Balakrishnan Umarani, Venkatachalapathy Krishnamurthi, Marimuthu Girirajkumar S
Department of Electronics and Communication Engineering, Trichy Engineering College, Tiruchirappalli- 621 132, Tamilnadu, India.
Curr Diabetes Rev. 2015;11(3):182-90. doi: 10.2174/1573399811666150330150038.

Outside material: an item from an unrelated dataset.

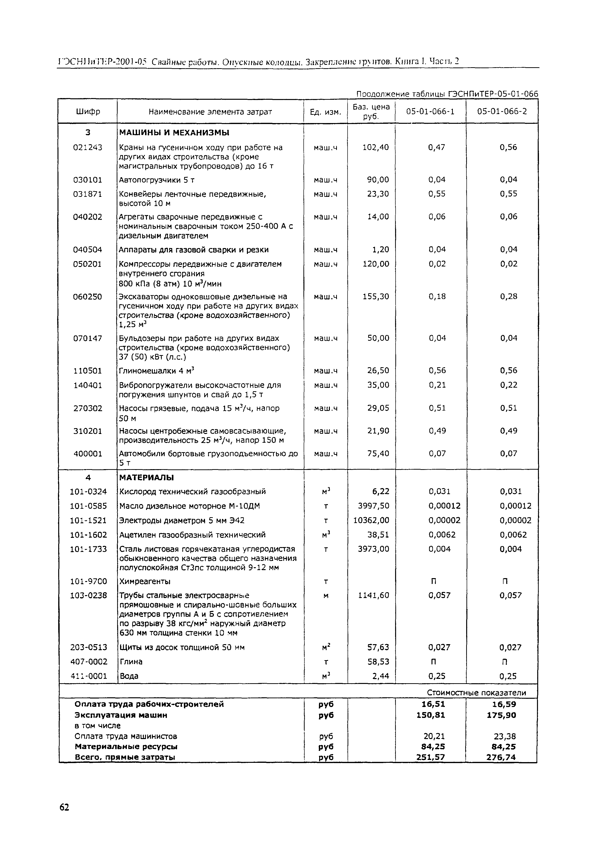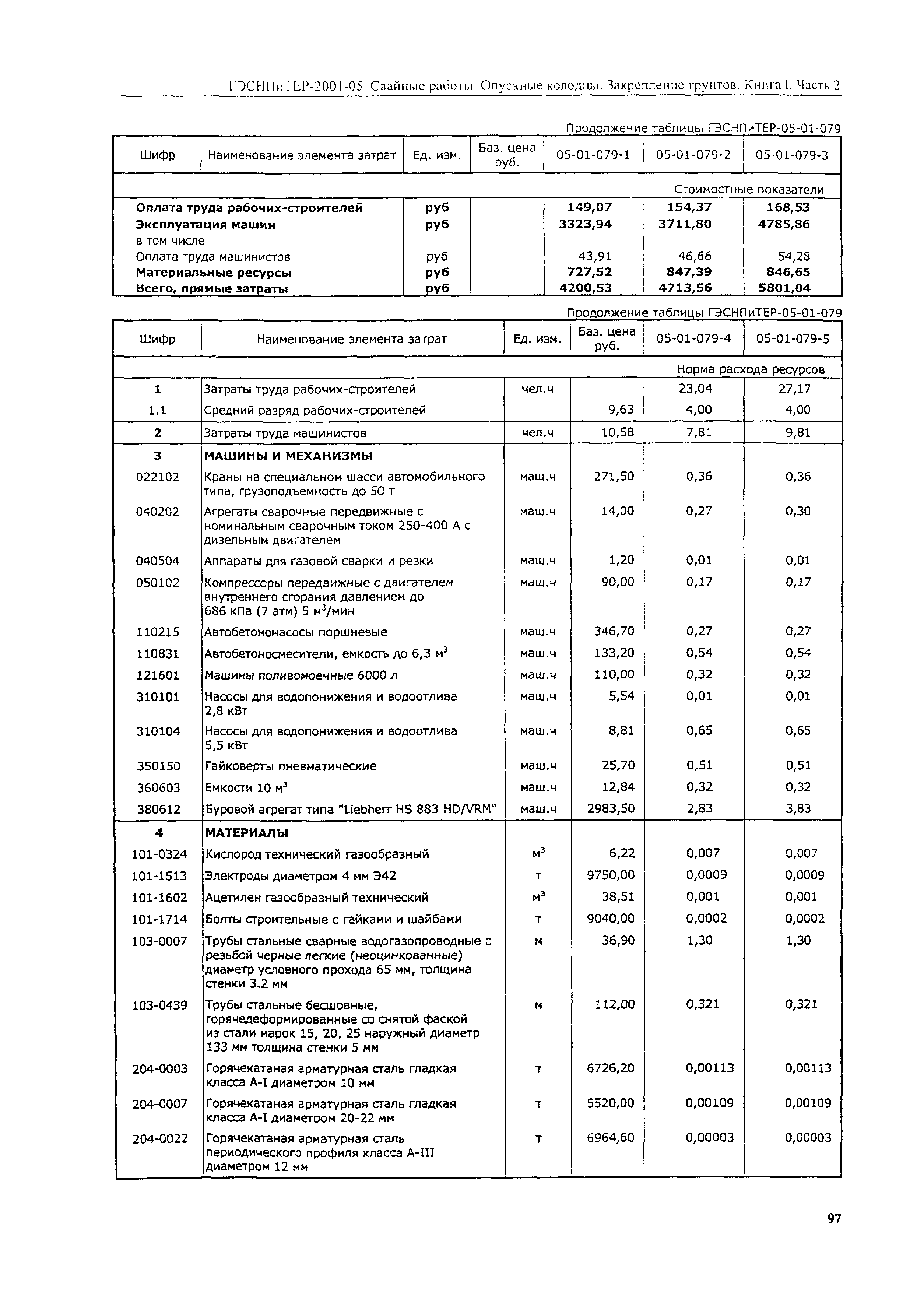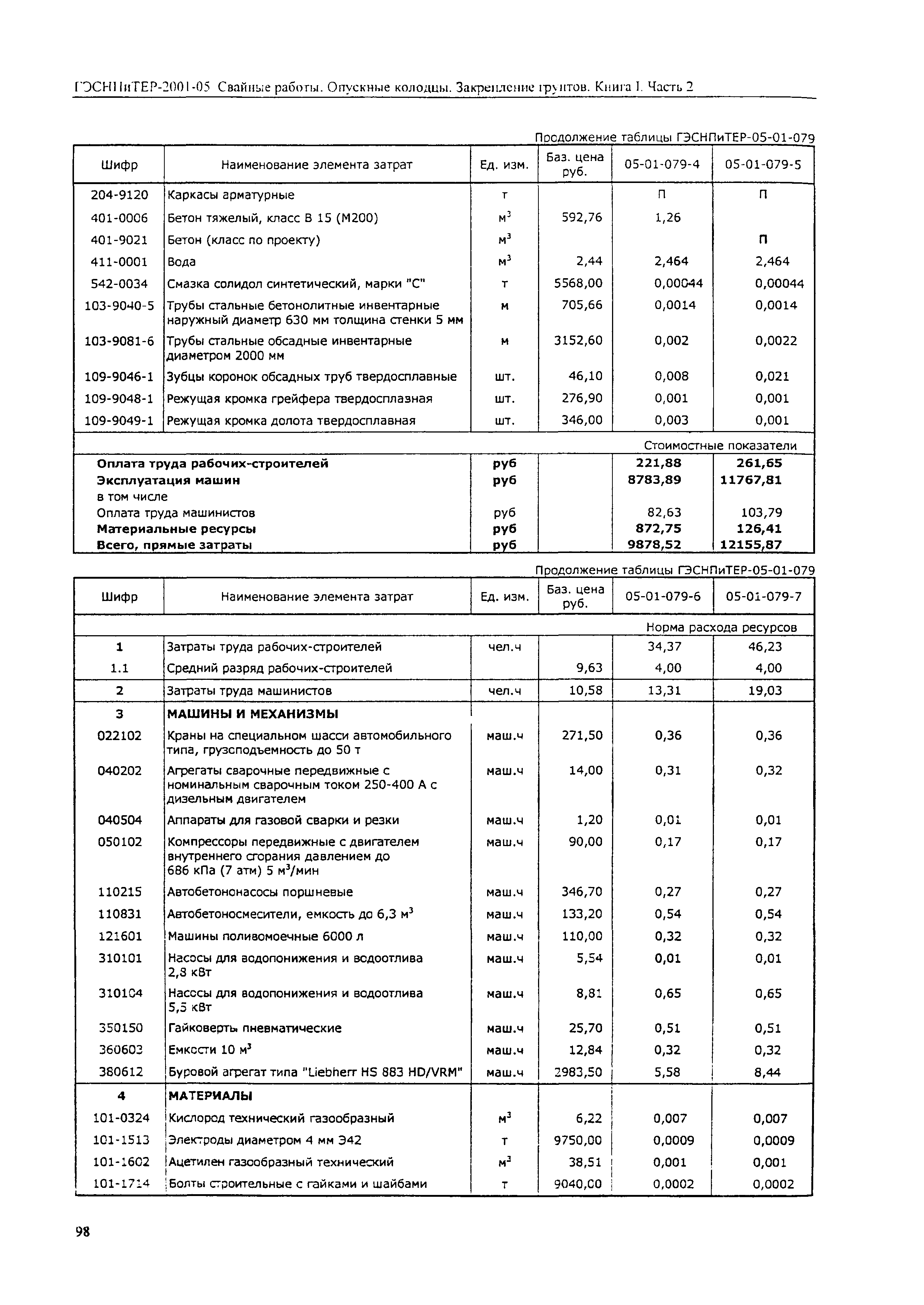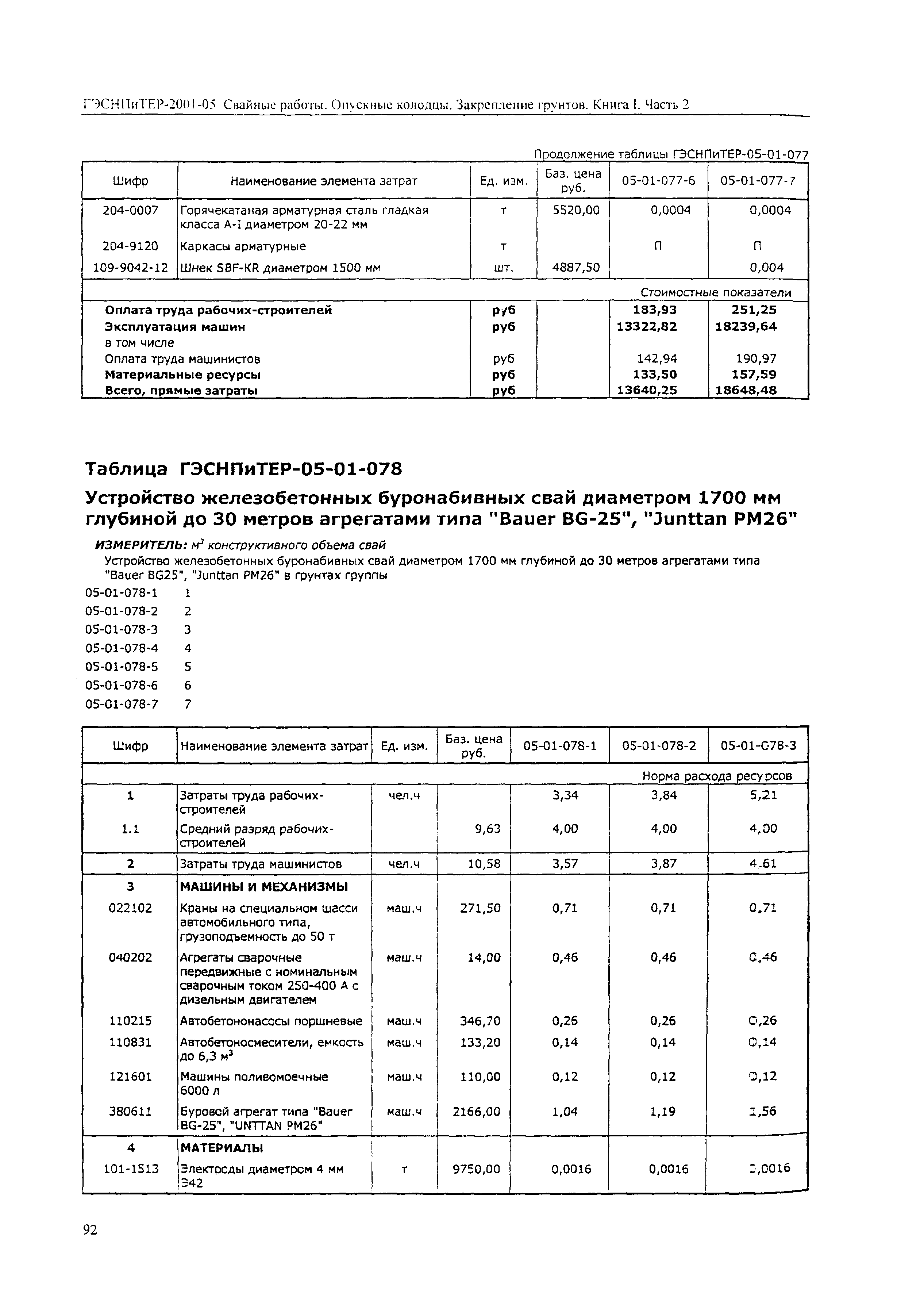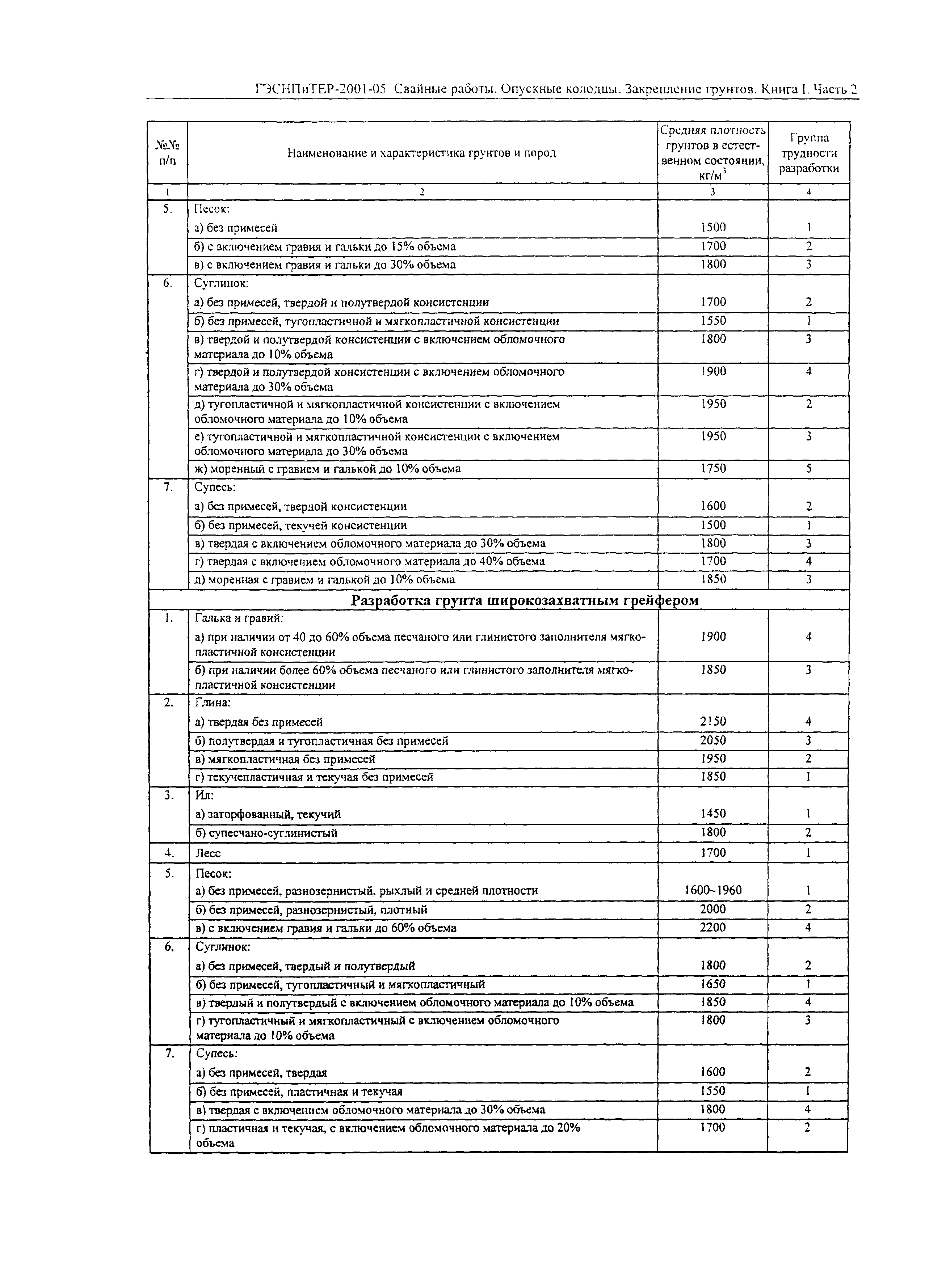 | Оглавление: | Техническая часть 1. Общие указания Раздел 01. Свайные работы Техническая часть 1. Общие указания 2. Правила исчисления объемов работ 3. Коэффициенты к нормам и расценкам Раздел 02. Опускные колодцы Техническая часть 1. Общие указания 2. Правила исчисления объемов работ 3. Коэффициенты к нормам и расценкам Раздел 03. Закрепление грунтов Техническая часть 1. Общие указания 2. Правила исчисления объемов работ 3. Коэффициенты к нормам и расценкам Продолжение раздела 01 - Свайные работы Таблица ГЭСНПиТЕР-05-01-052 Бурение скважин диаметром 250 мм вращательным (роторным) способом Таблица ГЭСНПиТЕР-05-01-053 Бурение скважин диаметром 300 мм вращательным (роторным) способом Таблица ГЭСНПиТЕР-05-01-054 Бурение скважин диаметром 350 мм вращательным (роторным) способом Таблица ГЭСНПиТЕР-05-01-055 Бурение скважин диаметром 450 мм вращательным (роторным) способом Таблица ГЭСНПиТЕР-05-01-056 Бурение скважин диаметром 500 мм вращательным (роторным) способом Таблица ГЭСНПиТЕР-05-01-057 Бурение скважин диаметром 600 мм вращательным (роторным) способом Таблица ГЭСНПиТЕР-05-01-058 Бурение скважин диаметром 700 мм вращательным (роторным) способом Таблица ГЭСНПиТЕР-05-01-059 Бурение скважин вращательным (ковшевым) способом Таблица ГЭСНПиТЕР-05-01-060 Бурение уширения основания скважины для буронабивных железобетонных свай Таблица ГЭСНПиТЕР-05-01-061 Установка в скважину арматурного каркаса Таблица ГЭСНПиТЕР-05-01-062 Бетонирование свай Таблица ГЭСНПиТЕР-05-01-063 Заполнение раствором пустот между стенкой скважины и телом сваи Таблица ГЭСНПиТЕР-05-01-064 Разработки траншей глубиной до 10 м и установкой с плоским грейфером Таблица ГЭСНПиТЕР-05-01-065 Разработка траншей глубиной до 15 м установкой с плоским Таблица ГЭСНПиТЕР-05-01-066 Разборка траншей глубиной до 7 м экскаватором "обратная лопата" Таблица ГЭСНПиТЕР-05-01-067 Устройство траншей под глинистым раствором шириной 0,5 м, глубиной 20 м широкозахватным грейфером на базе экскаватора Таблица ГЭСНПиТЕР-05-01-068 Устройство траншей под глинистым раствором шириной 0,5 м, глубиной до 50 м барражной машиной Таблица ГЭСНПиТЕР-05-01-069 Укладка в траншею противофильтрационных материалов Таблица ГЭСНПиТЕР-05-01-070 Устройство завес Таблица ГЭСНПиТЕР-05-01-071 Наращивание железобетонных свай и панелей Таблица ГЭСНПиТЕР-05-01-072 Установка и извлечение железобетонных ограничителей захваток Таблица ГЭСНПиТЕР-05-01-074 Устройство железобетонных буронабивных свай диаметром 800 мм глубиной до 30 метров агрегатами типа "Ваuеr ВG-25", "Junttаn РМ26" Таблица ГЭСНПиТЕР-05-01-075 Устройство железобетонных буронабивных свай диаметром 1000 мм глубиной до 30 метров агрегатами типа "Ваuеr ВG-25", "Junttаn РМ26" Таблица ГЭСНПиТЕР-05-01-076 Устройство железобетонных буронабивных свай диаметром 1200 мм глубиной до 30 метров агрегатами типа "Ваuеr ВG-25", "Junttаn РМ26" Таблица ГЭСНПиТЕР-05-01-077 Устройство железобетонных буронабивных свай диаметром 1500 мм глубиной до 30 метров агрегатами типа "Ваuеr ВG-25", "Junttаn РМ26" Таблица ГЭСНПиТЕР-05-01-078 Устройство железобетонных буронабивных свай диаметром 1700 мм глубиной до 30 метров агрегатами типа "Ваuеr ВG-25", "Junttаn РМ26" Таблица ГЭСНПиТЕР-05-01-095 Установка железобетонных свай в скважины Таблица ГЭСНПиТЕР-05-01-096 Установка деревометаллических и деревянных свай в готовые скважины Таблица ГЭСНПиТЕР-05-01-097 Погружение железобетонных и стальных свай с предварительным оттаиванием грунта паровыми иглами Таблиц

Diabetic Retinopathy (DR) is an eye disease, which may cause blindness by the upsurge of insulin in blood. The major cause of visual loss in diabetic patient is macular edema. To diagnose and follow up Diabetic Macular Edema (DME), a powerful Optical Coherence Tomography (OCT) technique is used for the clinical assessment. Many existing methods found out the DME affected patients by estimating the fovea thickness. These methods have the issues of lower accuracy and higher time complexity. In order to overwhelm the above limitations, a hybrid approaches based DR detection is introduced in the proposed work. At first, the input image is preprocessed using green channel extraction and median filter. Subsequently, the features are extracted by gradient-based features like Histogram of Oriented Gradient (HOG) with Complete Local Binary Pattern (CLBP). The texture features are concentrated with various rotations to calculate the edges. We present a hybrid feature selection that combines the Particle Swarm Optimization (PSO) and Differential Evolution Feature Selection (DEFS) for minimizing the time complexity. A binary Support Vector Machine (SVM) classifier categorizes the 13 normal and 75 abnormal images from 60 patients. Finally, the patients affected by DR are further classified by Multi-Layer Perceptron (MLP). The experimental results exhibit better performance of accuracy, sensitivity, and specificity than the existing methods.
糖尿病性视网膜病变(DR)是一种眼部疾病,可能由于血液中胰岛素水平升高而导致失明。糖尿病患者视力丧失的主要原因是黄斑水肿。为了诊断和随访糖尿病性黄斑水肿(DME),一种强大的光学相干断层扫描(OCT)技术被用于临床评估。许多现有方法通过估计中央凹厚度来找出受DME影响的患者。这些方法存在准确性较低和时间复杂度较高的问题。为了克服上述局限性,在所提出的工作中引入了一种基于混合方法的DR检测。首先,使用绿色通道提取和中值滤波器对输入图像进行预处理。随后,通过基于梯度的特征(如具有完整局部二值模式(CLBP)的方向梯度直方图(HOG))来提取特征。纹理特征通过各种旋转进行集中以计算边缘。我们提出了一种结合粒子群优化(PSO)和差分进化特征选择(DEFS)的混合特征选择方法,以最小化时间复杂度。一个二元支持向量机(SVM)分类器对来自60名患者的13张正常图像和75张异常图像进行分类。最后,受DR影响的患者通过多层感知器(MLP)进一步分类。实验结果表明,与现有方法相比,该方法在准确性、敏感性和特异性方面具有更好的性能。